Inflation, rather than deflation and a major economic slowdown, still looks like the biggest risk to me looking six to 12 months down the road -- even if prices cool off some for cars, game consoles and other supply-constrained items as supply-chain bottlenecks are addressed.
But right now, equity and bond markets are acting as if the inverse is true -- driving Treasury yields to rock-bottom levels; selling off commodities, cyclicals and reopening plays; and bidding up lockdown beneficiaries and many other high-multiple growth stocks that are especially vulnerable in an inflationary environment.
It's worth noting that a lot of high-multiple growth stocks would look pretty expensive even if inflation proves fully transitory and the 10-year Treasury yield somehow stays around 1.2%. Right now, there are more than 30 tech companies with $10 billion-plus market caps that have forward EV/sales ratios above 20. By any standard, valuations are quite stretched for numerous growth software, Internet and EV/clean energy names.
Against this backdrop, I think there's a good argument for selectively buying reopening plays and commodity/cyclical names that have been hammered over the last couple of weeks. Within tech, chip equipment makers such as Applied Materials (AMAT) , KLA (KLAC) and Axcelis Technologies (ACLS) look compelling to me, given moderate valuations and the fact that chip equipment spend looks poised to remain healthy beyond 2022, even if one assumes the current semi cycle peaks at some point next year. I think the risk/reward also looks good for beaten-up reopening plays such as Eventbrite (EB) and Lyft (LYFT) .
Separately, I think there's a case for hedging by shorting some high-multiple and speculative names, particularly since borrow rates for many shorts have dropped considerably since May (over the last week, I've opened up shorts in names such as Carvana (CVNA) , Xpeng (XPEV) and SoFi Technologies (SOFI) ). And though it's possible that yields drop further before bottoming in a fear-driven environment like the current one, Treasury shorts might also be worth a look.
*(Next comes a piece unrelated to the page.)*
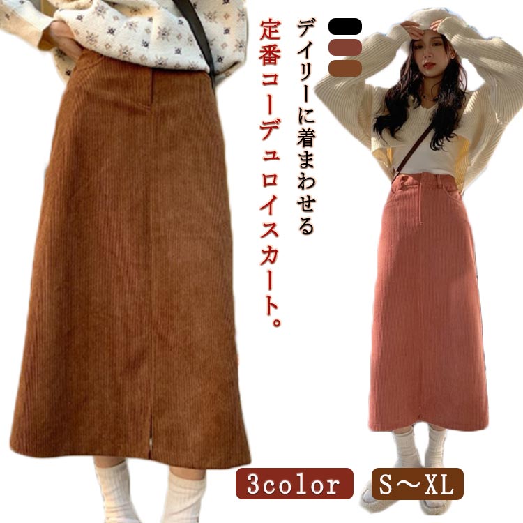 ハイウエスト ミモレ丈 スカート コーデュロイスカート タイトスカート aライン 無地 シンプルレディースファッション ボトムス スカート
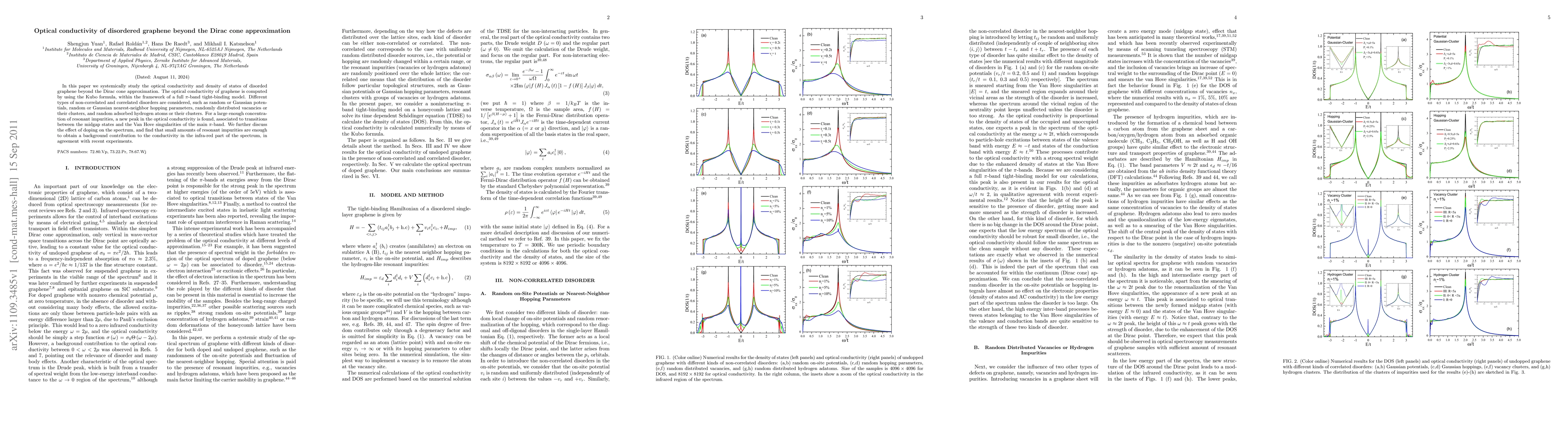 In this paper we systemically study the optical conductivity and density of states of disorded graphene beyond the Dirac cone approximation. The optical conductivity of graphene is computed by using the Kubo formula, within the framework of a full \pi-band tight-binding model. Different types of non-correlated and correlated disorders are considered, such as random or Gaussian potentials, random or Gaussian nearest-neighbor hopping parameters, randomly distributed vacancies or their clusters, and random adsorbed hydrogen atoms or their clusters. For a large enough concentration of resonant impurities, a new peak in the optical conductivity is found, associated to transitions between the midgap states and the Van Hove singularities of the main \pi-band. We further discuss the effect of doping on the spectrum, and find that small amounts of resonant impurities are enough to obtain a background contribution to the conductivity in the infra-red part of the spectrum, in agreement with recent experiments.

In a lot of ways, this market environment -- one in which many equity and bond investors seem intent on pursuing the same trades that have worked over the last few years, regardless of how extreme valuation differences have become and how much money the Fed has printed -- is screaming for a mean-reversion.
Such a mean-reversion might not happen right away. But based on what's known about the Delta variant, vaccine rollouts and macro conditions, I think betting on it makes a lot more sense than betting on the status-quo to continue.